J’vous fais un prix, mon bon monsieur... trente francs.
D’accord ! mais si je ne suis pas à la maison quand vous la rapporterez, vous n’aurez qu’à la déposer chez mon voisin, le sacristain, qui vous paiera.

Le tête-à-tête s’arrêta là et la foraine partit rapidement avec le dossier de la chaise passé dans son bras.
Deux jours plus tard, elle n’est pas de retour. Cyrille commence à s’inquiéter.
N’ai-je pas été trop confiant se dit-il... Qui sait si la chaise de mon grand-père reviendra.
Par bonheur, elle revint. C’est au soir du troisième jour, à la veille de la nuit de Noël, qu’elle est de retour chez le sacristain. Cyrille en la revoyant est aux anges.
Qu’elle est donc belle ! s’exclame-t-il, enchanté... Je revis... Me voici, de nouveau, en compagnie de mon cher grand-père... et un soir de Noël, encore !
Débordant de joie, il décide de filer à bicyclette à "la rigouillette" pour remercier la rempailleuse.
Diantre ! S’écrie-t-il, en arrivant au terrain des gens du voyage... il y a bien là une douzaine de caravanes et autant de voitures ... où vais-je trouver "la mère aux joncs" ?
A tout hasard, il frappe à la porte d’un long véhicuIe d’où s’échappe un joyeux brouhaha de cris et de chansons. Un nomade moustachu surgit.
Holà ! que désirez-vous ?
Pourriez-vous me dire où loge une rempailleuse de chaises qui a pour nom "la mère aux joncs" ?
Du coup, toute la compagnie qui a tendu l’oreille, s’esclaffe, et le nomade déclare au malheureux Cyrille ahuri par cet accueil :
Mon pauvre ami, « la mère aux joncs » n’a jamais rempaillé de chaise dans sa vie ... elle ne sait que bricoler des paniers.
J’ai besoin de la voir... Où est-elle ?
Elle est partie avec sa roulotte et son vieux cheval et bien malin celui qui saurait vous dire où elle se trouve ...
Vous pouvez aller à sa recherche ... Bonne chance, camarade !
Et, sans plus d’explication, il referme, brutalement la porte.

Cyrille demeuré seul sous la neige qui commence à tomber reprend à bicyclette le chemin de son logis.
Pour se consoler de n’avoir pas revu la rempailleuse il allume un bon feu dans la cheminée et s’installe à califourchon sur sa chaise réparée, à la mode de son grand-père.
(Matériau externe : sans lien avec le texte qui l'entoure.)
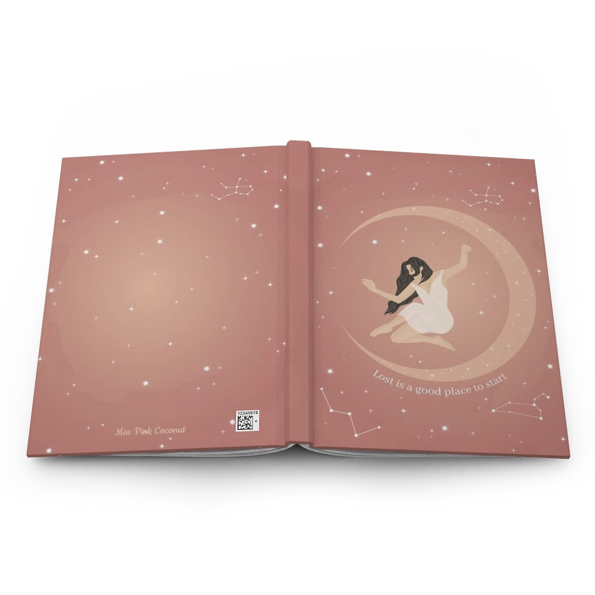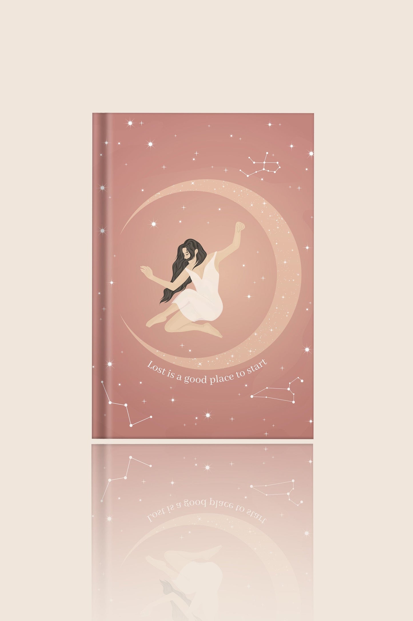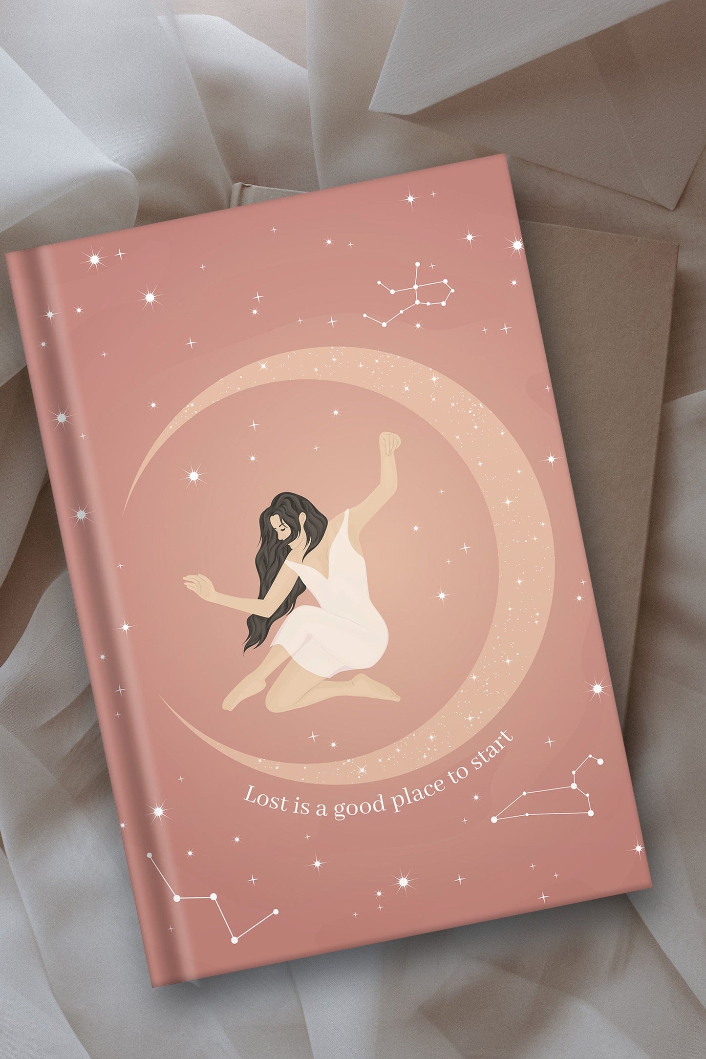 The magical cover, entirely designed by me, shows a woman and the quote "Lost is a good place to start".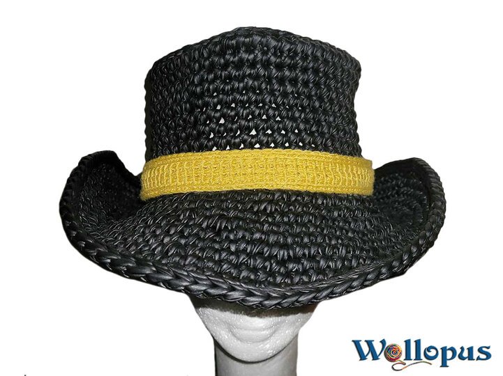 Cowboyhut: Breiter Hut mit hoher Krone und Krempe, der ursprünglich von Cowboys getragen wurde. Heute ein beliebtes Accessoire für Western-Fans und Festivals.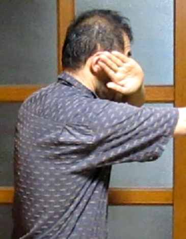 右肩がきつい。 右肩を楽にすると自分の親指で自分の目を突く危険が有る。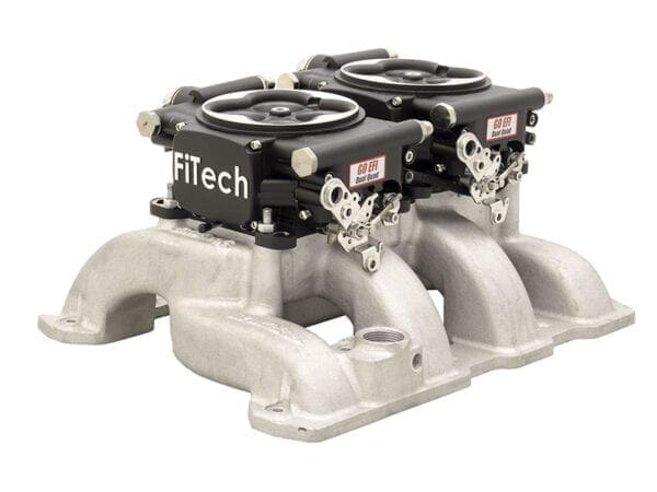Dual Quad! EFI! Nothing says Muscle like 2 big 4 BBL’s on a V8. FiTech EFI has made it simple with their Go EFI 2×4 625HP self-tuning dual quad normally aspirated system with a matte black finish. This kit is a bolt on for the most popular manifolds including the Edelbrock line of dual quad manifolds without any adapters! They fit and look like they belong there because they were designed to fit from the start. Our normally aspirated kits are good thru 625hp. One throttle body handles all of the brains while the second holds 4 additional injectors. These can also be used in cross ram and tunnel ram configurations. No boost with these, please! For Boosted and High HP normally aspirated applications please see our Go EFI 2×4 POWER ADDER (Part #30064).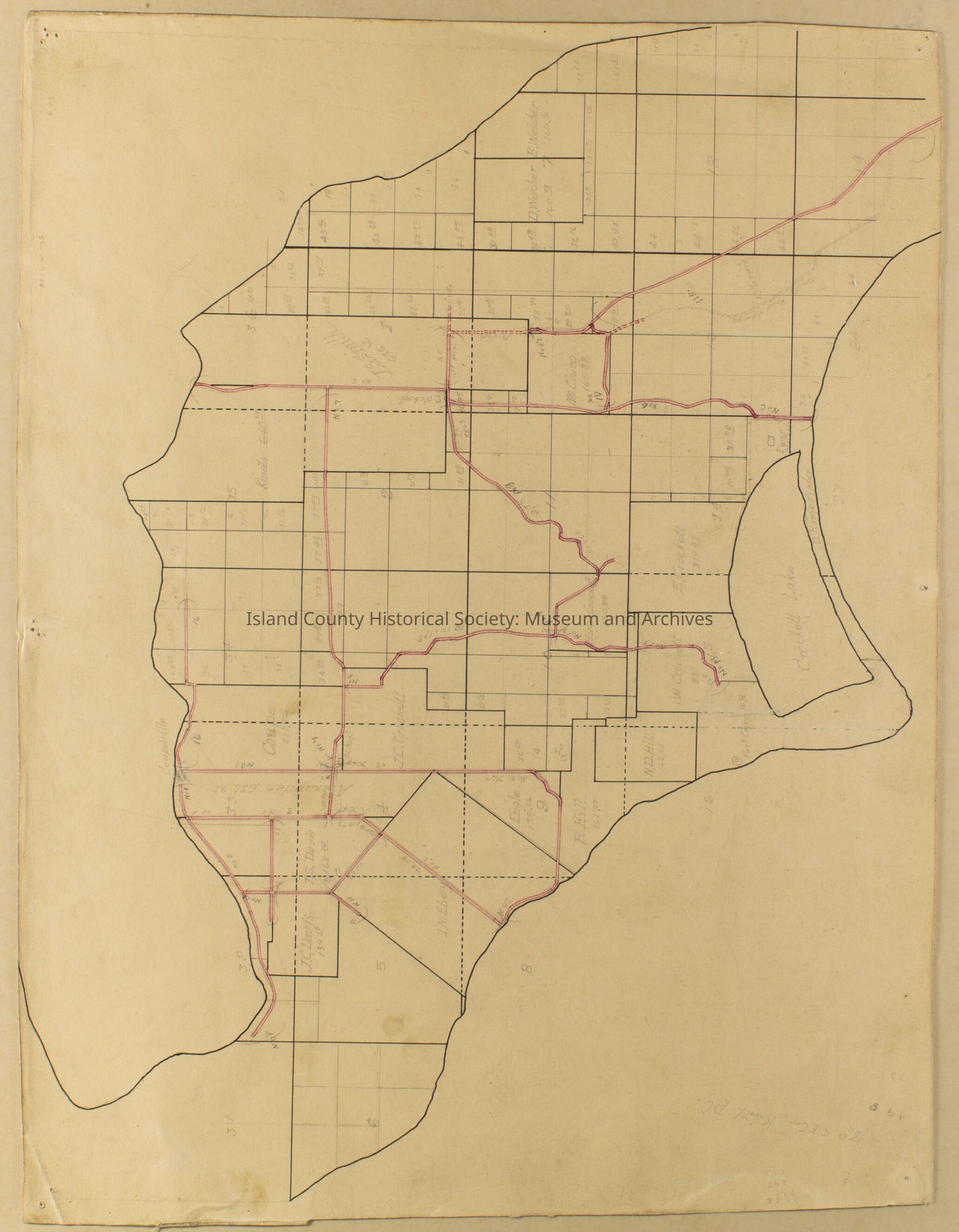 Hand drawn map of Coupeville showing land grant claims and roads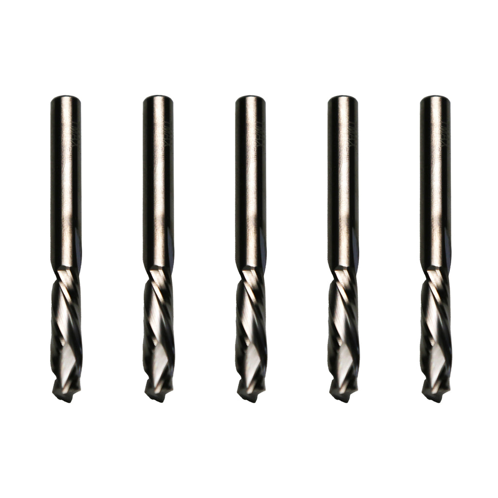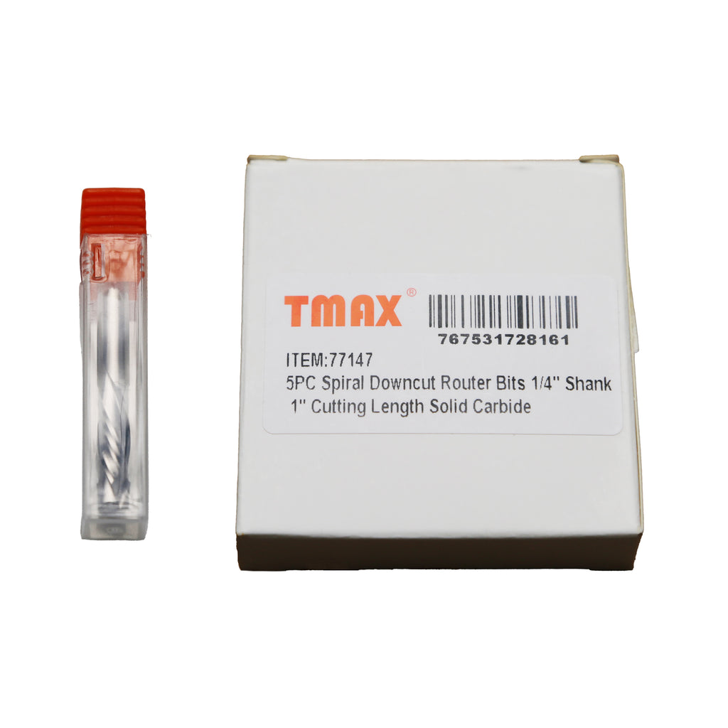 DOWNCUT ROUTER BIT: 5 pc Solid carbide down cut router bits with 1/4" shank and 1/4" cutting diameter, 1" cutting length, 2 1/2" in total length. Can be used on routers with a 1/4" collect.

Il rêvassait et commençait à somnoler quand, ô surprise ! la chaise se mit à s’élever au-dessus du sol carrelé puis traversa la toiture avant de se retrouver dans la nuit d’hiver et les tourbillons de neige. Elle filait en emportant Cyrille qui se cramponnait nerveusement à la traverse du dossier...

Bientôt, elle survola un petit vallon enneigé où, une femme, près d’un chariot à bâche verte, attisait un feu de
menues branches avec une touffe de genêts... Eh non ! il n ’y avait pas à s ’y tromper. C’était bien "la mère aux
joncs" qui se trouvait là et lorsque la chaise se posa derrière elle. Cyrille put la remercier avec effusion.

Dois-je dire qu’à son réveil, le lendemain matin, jour de Noël, il était encore accoudé au siège du grand-père ?
Ai-je rêvé ou ai-je vraiment voyagé celle nuit dans les tourbillons de neige se demanda-t-il en regardant les derniers tisons qui rougeoyaient dans la cheminée ... Il ne sut, que répondre à cette interrogation sachant que les nuits de Noël ont non seulement leur mystère mais encore leurs secrets.